Much has been written on the positive impact that exposure to nature has on general well-being, physical, and mental health. And yet, it seems that developers have not gotten the message. Why, I do not know. Maybe they are not aware of the research on the health benefits of nature. If not, here is some material to share.

A website post and two reviews, from most recent to next (within past five years):

Benefits of Nature Experience from Canada, posted in April 2024, lists the following benefits:

  • Attention: Our attention is a limited resource and it can become ‘fatigued’ throughout the day. Nature has been shown to restore attention and our ability to concentrate (Mason et al., 2022). Nature has also been found to reduce symptoms of Attention-Deficit/Hyperactivity Disorder (ADHD) (Faber Taylor & Kuo, 2009).
  • Mood: Nature improves mood and makes people feel happier (Neill et al., 2019). There is evidence that nature exposure can improve symptoms of depression (Berman et al, 2012).
  • Self-regulation: Nature helps us feel calmer and less irritable. This means that we are better able to control our impulses (Beute & de Kort, 2014; Weeland et al., 2019).
  • Stress: Nature reduces symptoms of anxiety, physical stress, and heart rate. It also helps us feel more relaxed (Shuda et al., 2020).
  • Social: Nature tends to increase generosity, cooperation, and our sense of social connection (Arbuthnott, 2023; Weinstein et al., 2009).
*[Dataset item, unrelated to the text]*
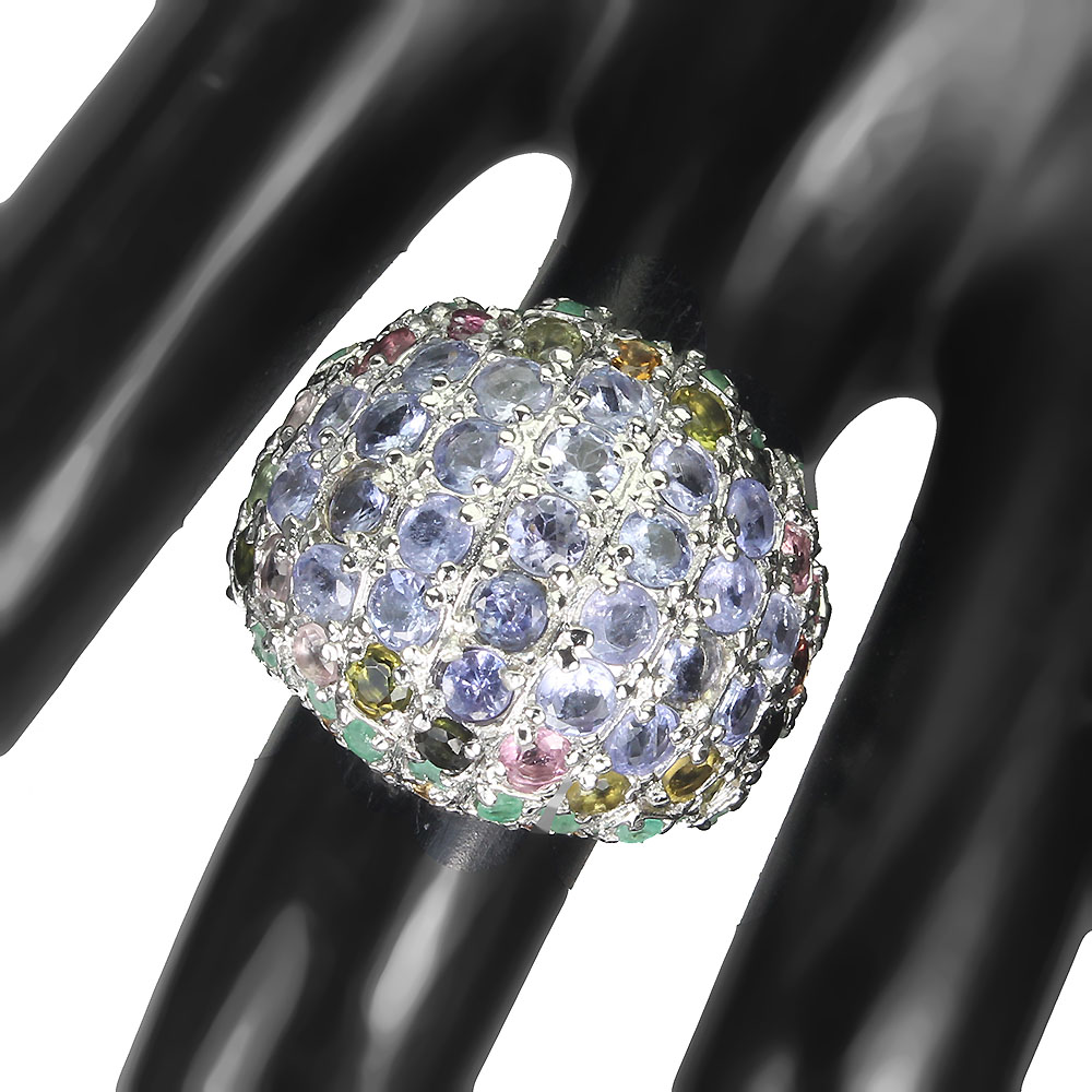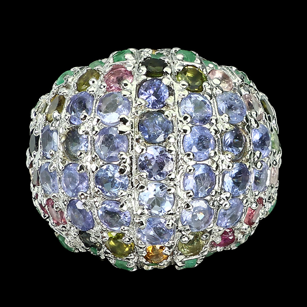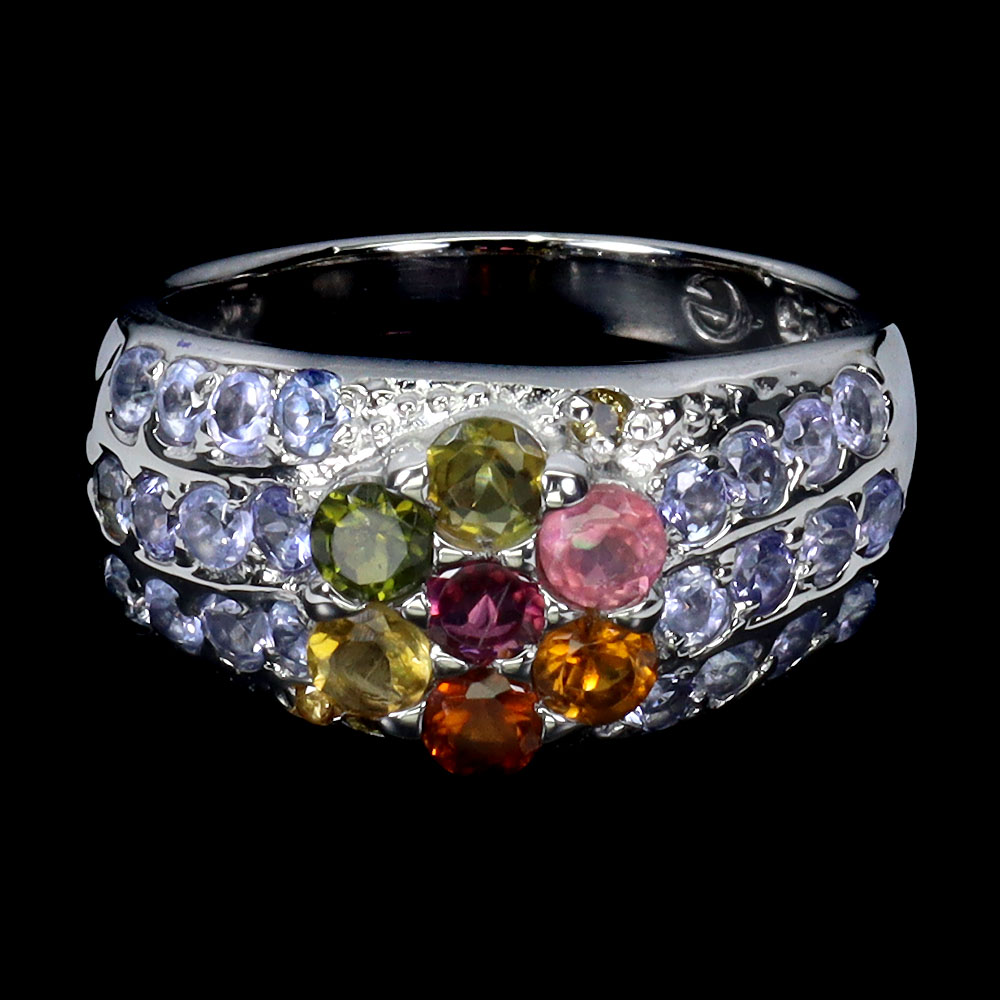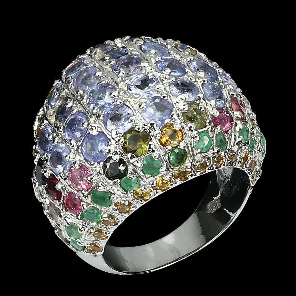 Unheated Round Blue Tanzanite 3mm Tourmaline Gems 925 Sterling Silver Ring 7.5

Impact of Nature on Human Health. An open access article, published in 2022:

this review has documented the increasing body of evidence in support of [nature-based-interventions] NBIs as effective tools to improve mental, physical, and cognitive health outcomes, and highlighted key factors that improve engagement with the natural world. [bracketed explanation of acronym inserted from elsewhere in the article]. Emphasis added.

And, finally, from 2021, another open access review, Association between Nature Exposure and Health, concluded that:

 We assessed the strength of evidence from experimental and observational studies and found evidence for associations between exposure to nature and improved cognitive function, brain activity, blood pressure, mental health, physical activity, and sleep. Evidence from experimental studies suggested protective effects of exposure to natural environments on mental health outcomes and cognitive function. Cross-sectional observational studies provide evidence of positive associations between exposure to nature, higher levels of physical activity and lower levels of cardiovascular disease. Longitudinal observational studies are starting to assess the long-term effects of exposure to nature on depression, anxiety, cognitive function, and chronic disease. Limitations and gaps in studies of nature exposure and health include inconsistent measures of exposure to nature, knowledge of the impacts of the type and quality of green space, and the health effects of the duration and frequency of exposure among different populations (e.g., adults, children, historically marginalized).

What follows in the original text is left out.